WHAT IS BEING ASKED: Without any pictures, print exactly the lines that run from the start of the data through the line containing "Position both idle".

Saved entries
-------------------------
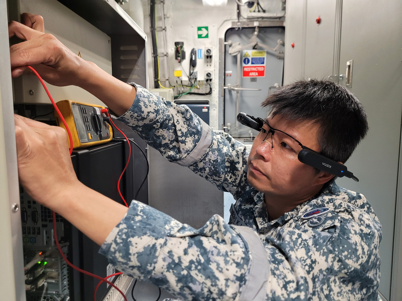 minavy05 - A subject matter expert from the Republic of Singapore Navy on shore looking through what a sailor on board sees when he wears a special pair of glasses with video-chat function. This helps the expert on shore to better provide advice to resolve any faults on board. Credit: MINDEF
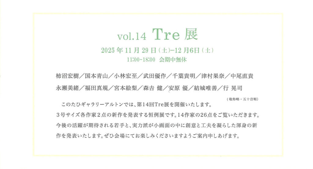 【11/29~12/6】第14回 Tre展 / ギャラリーアルトン(青山)
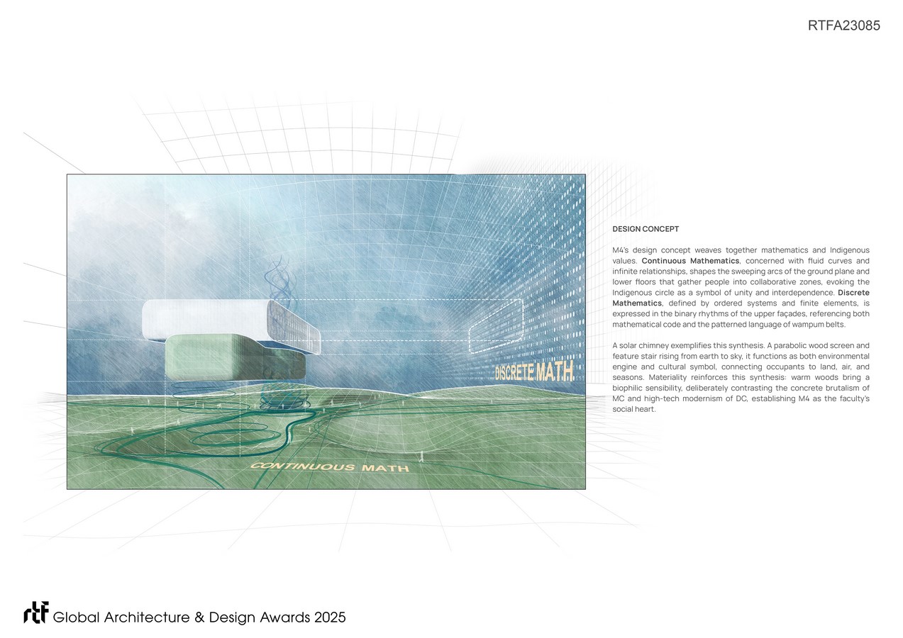 M4’s design concept weaves together mathematics and Indigenous culture. Continuous mathematics is expressed through curving lower levels that gather people into collaborative zones, evoking the Indigenous circle as a symbol of unity and renewal. Discrete mathematics is reflected in binary façade patterns, recalling both mathematical code and the patterned language of wampum belts.
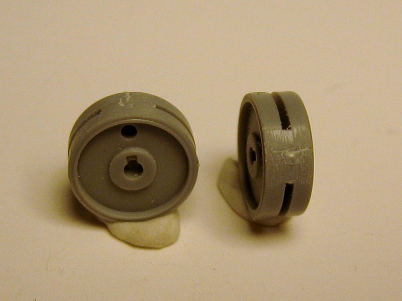 Position both idle wheels so this is hidden by track or hull parts. Make the location of the wheel's drain/lightening hole different from each
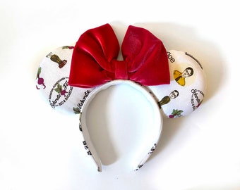 My ears are amazing! I have always loved this print, and I was so happy to find out I could get it in ear form. I also love that I was able to get the design with my two favorite classic Disney movies. The owners were great in answering my questions quickly and making sure that it turned out the way I envisioned. I wanted a smaller yellow bow on top of the original red, and they made it happen.
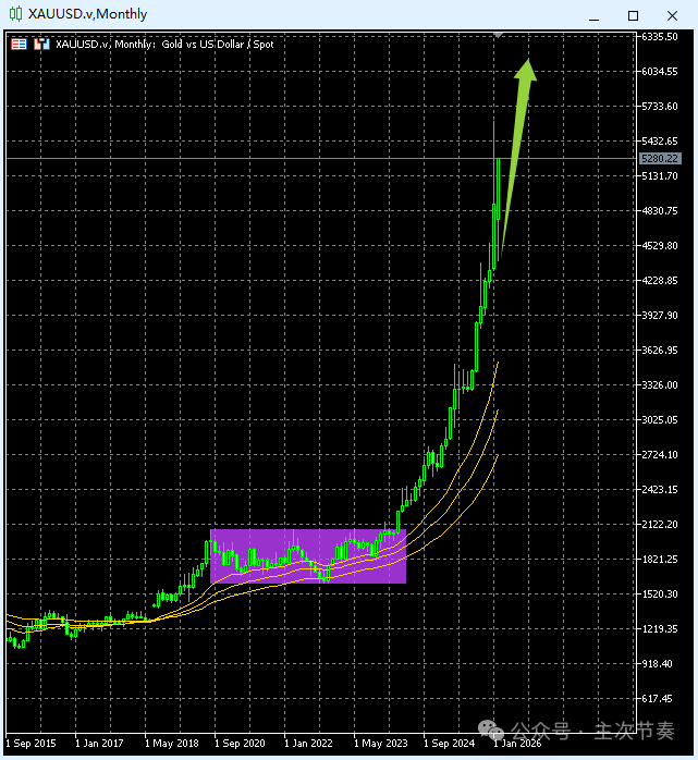 本文每周初更新发布梳理各级别走势分析和预期主次节奏:做有品质的三方服务黄金月线图(超长线)
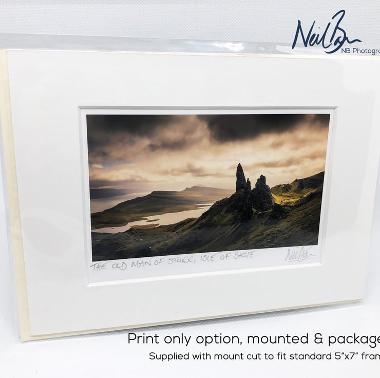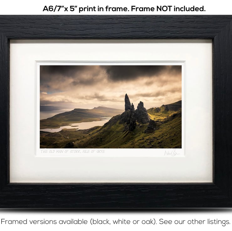 Supplied already mounted, wrapped & with signed labels & certificate, the image is printed on A6 size fine art paper (148x105mm). The actual image size is smaller (see listing images for sizes - image approx. 115x65mm) to allow for the signature & inscription. The 100% acid-free mount is cut to fit standard ready-made frames from high street stores. EXTERNAL mount size is 7"x5". This is the OUTSIDE size of the mount (and thus the size your frame should be).
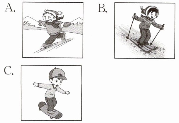 ( )1. Which of the following(下列) sports is skateboarding?
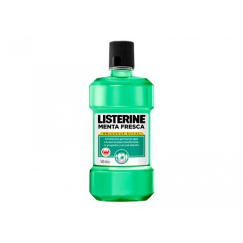 Listerine Menta Fresca 500 ml elimina el 99% de bacterias, previene placa y gingivitis, y proporciona 24 h de aliento fresco y protección para una boca más sana.
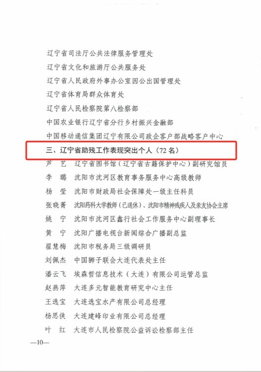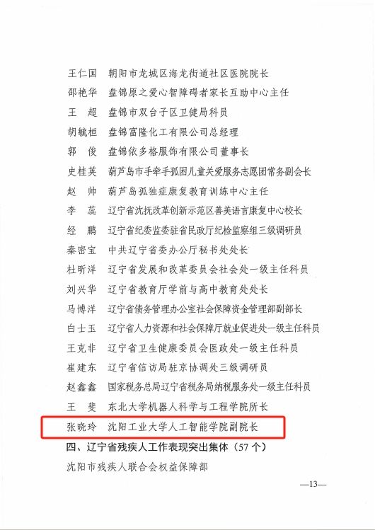 近日,辽宁省政府通报表扬辽宁省残疾人自强典型、助残及残疾人工作表现突出集体和个人,完美(中国)人工智能学院张晓玲教授荣获“辽宁省助残工作表现突出个人”称号。
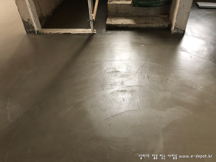 바닥몰탈 타설면의 2차 면고르기를 완료한 사진입니다.
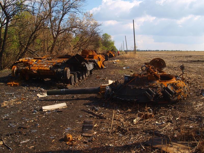 Уничтоженный танк Т-64 и другая техника со склада 92-й механизированной бригады (фото поисковика Павла Нетесова)
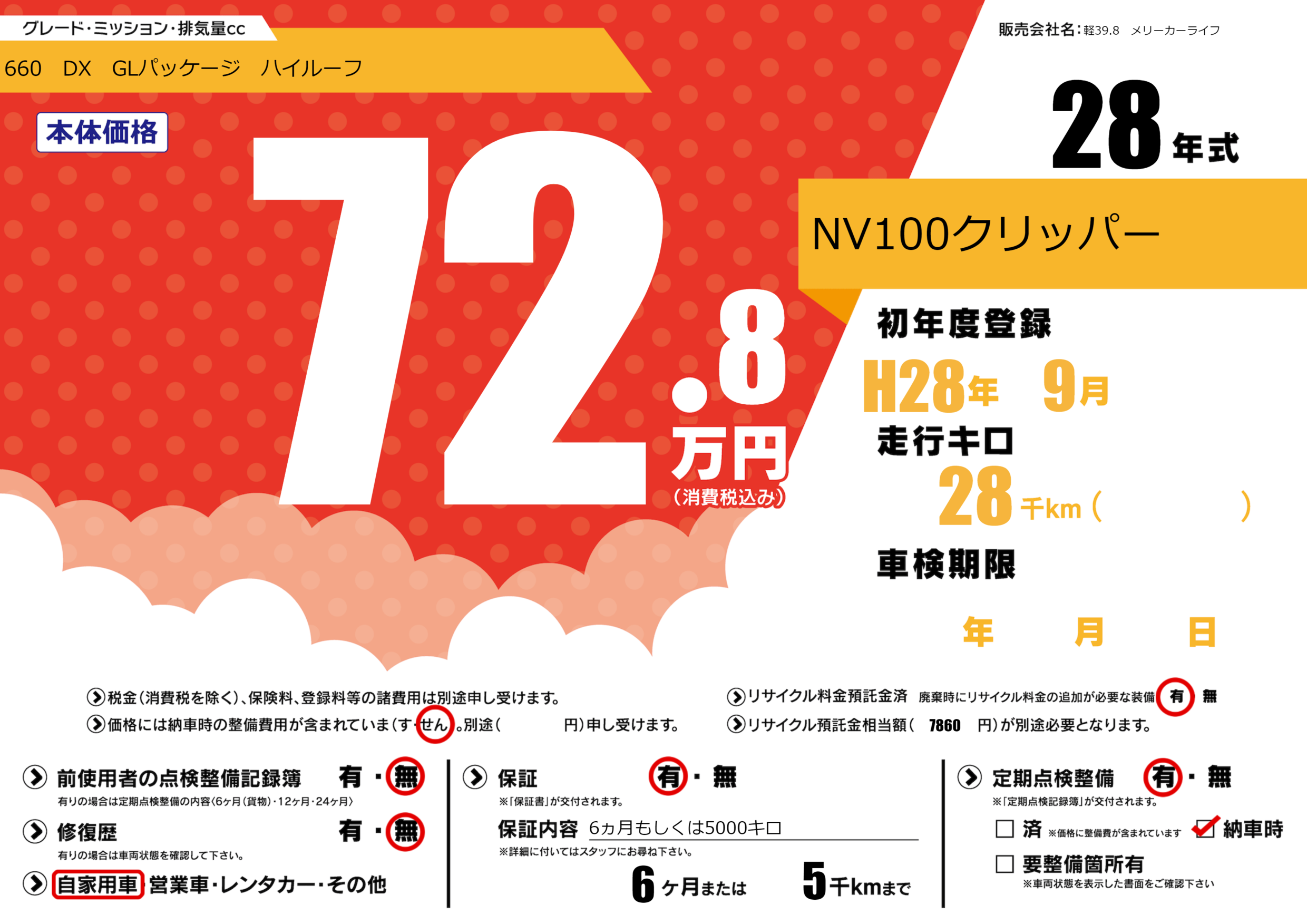 保証付き 保証内容(6ヵ月もしくは5000キロ) 6ヶ月または(5)千kmまで |
-------------------------
EXERCISE RESULT:
 minavy05 - A subject matter expert from the Republic of Singapore Navy on shore looking through what a sailor on board sees when he wears a special pair of glasses with video-chat function. This helps the expert on shore to better provide advice to resolve any faults on board. Credit: MINDEF
 【11/29~12/6】第14回 Tre展 / ギャラリーアルトン(青山)
 M4’s design concept weaves together mathematics and Indigenous culture. Continuous mathematics is expressed through curving lower levels that gather people into collaborative zones, evoking the Indigenous circle as a symbol of unity and renewal. Discrete mathematics is reflected in binary façade patterns, recalling both mathematical code and the patterned language of wampum belts.
 Position both idle wheels so this is hidden by track or hull parts. Make the location of the wheel's drain/lightening hole different from each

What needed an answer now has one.